What I chose to do was open a bank account in a separate bank, not get a debit card or checkbook.  I have an irregular income, so I try to be careful with the money for the month, then, at the end of the month, after I get paid, I empty out the amount that was leftover from the month, and put it into the second bank account.  At least that's been the goal this year.  

Reasons this work for me:
I get nervous without money for emergencies.  (There have been a few this year that scared me.)  So I'm motivated not to touch the money if I don't need it.  Having to drive to a different bank and take money out on purpose also keeps it from being transferred anywhere easily or on a whim.  It's helpful for me to know the money's there, and since it's a lot of trouble to get it out (as well as embarrassing; not sure why, but I get embarrassed at banks, maybe because everyone's so well-dressed), I tend to leave it there without a really good reason for taking it out.

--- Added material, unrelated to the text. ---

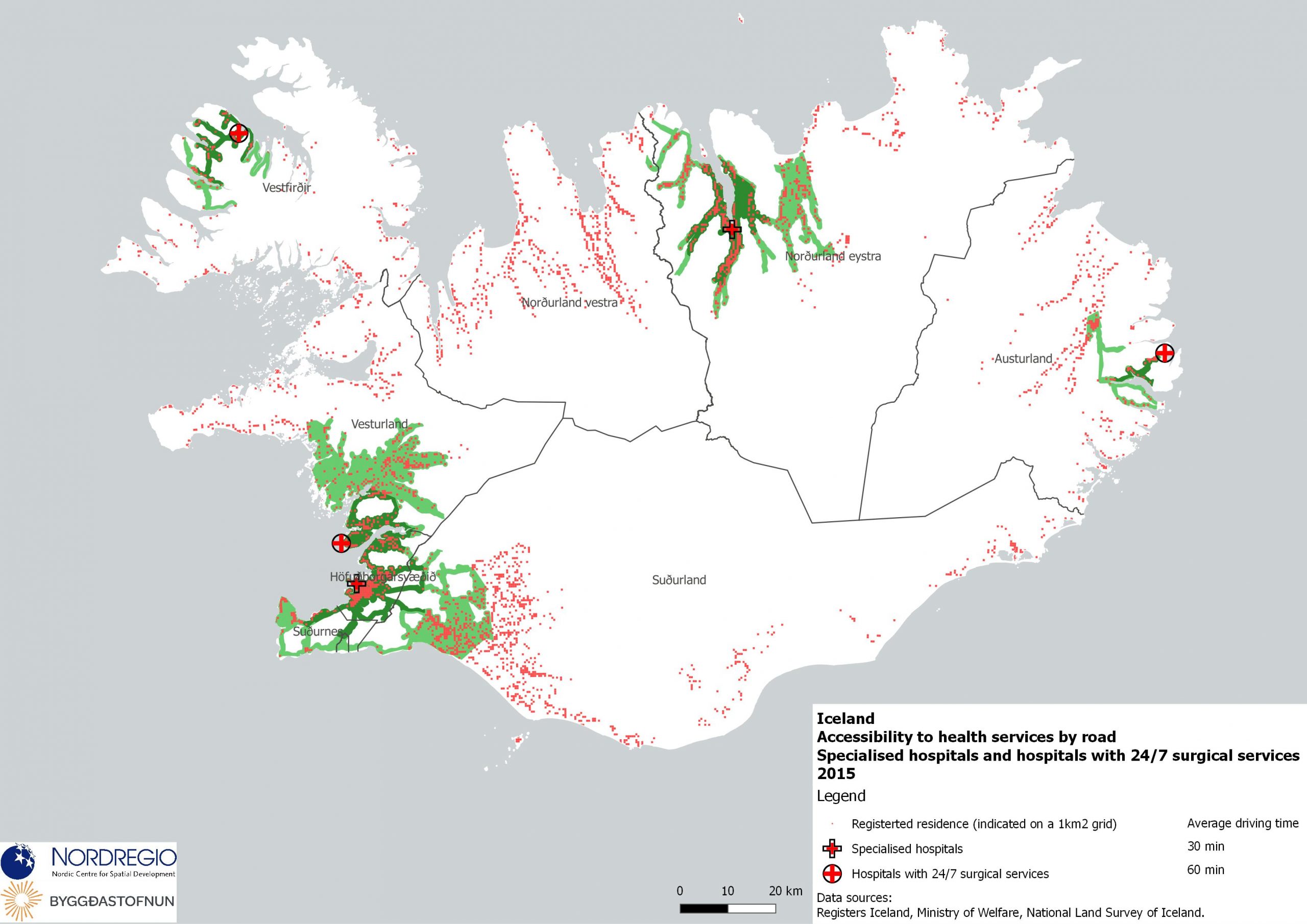 The map shows the accessibility to both specialised hospitals and hospitals with 24/7 surgical services in Iceland. Apart from the two hospitals providing specialised care, three more health care facilities providing 24/7 surgical services in the country. Nearly 80% of the inhabitants (76.2%) can access such health care services within a 30-minute car ride, and a car ride of one hour covers 89.4% of the Icelandic population who need such a service.

I have, however, been thinking about saving cash for emergencies.  I'm wondering if it would be wise not to have everything in a bank.  (But I'm not sure easy access to cash is a great idea, either, when it comes to saving money.)

In general, the rule of thumb is probably that saving something is better than saving nothing, if you can make it a fun challenge for yourself or your family, rather than an overwhelming chore, you'll probably have better success.  (One thing I've heard from various budgeting people on YouTube is that you shouldn't feel bad about needing your emergency fund.  That's what it's there for: so you don't go into debt.  After the emergency is over, just work on building it back up again, basically.)

It probably helps to know what would work for you as a saver, too.  Is easy access a problem?  If so, how can you make it hard to access without making it impossible to access?  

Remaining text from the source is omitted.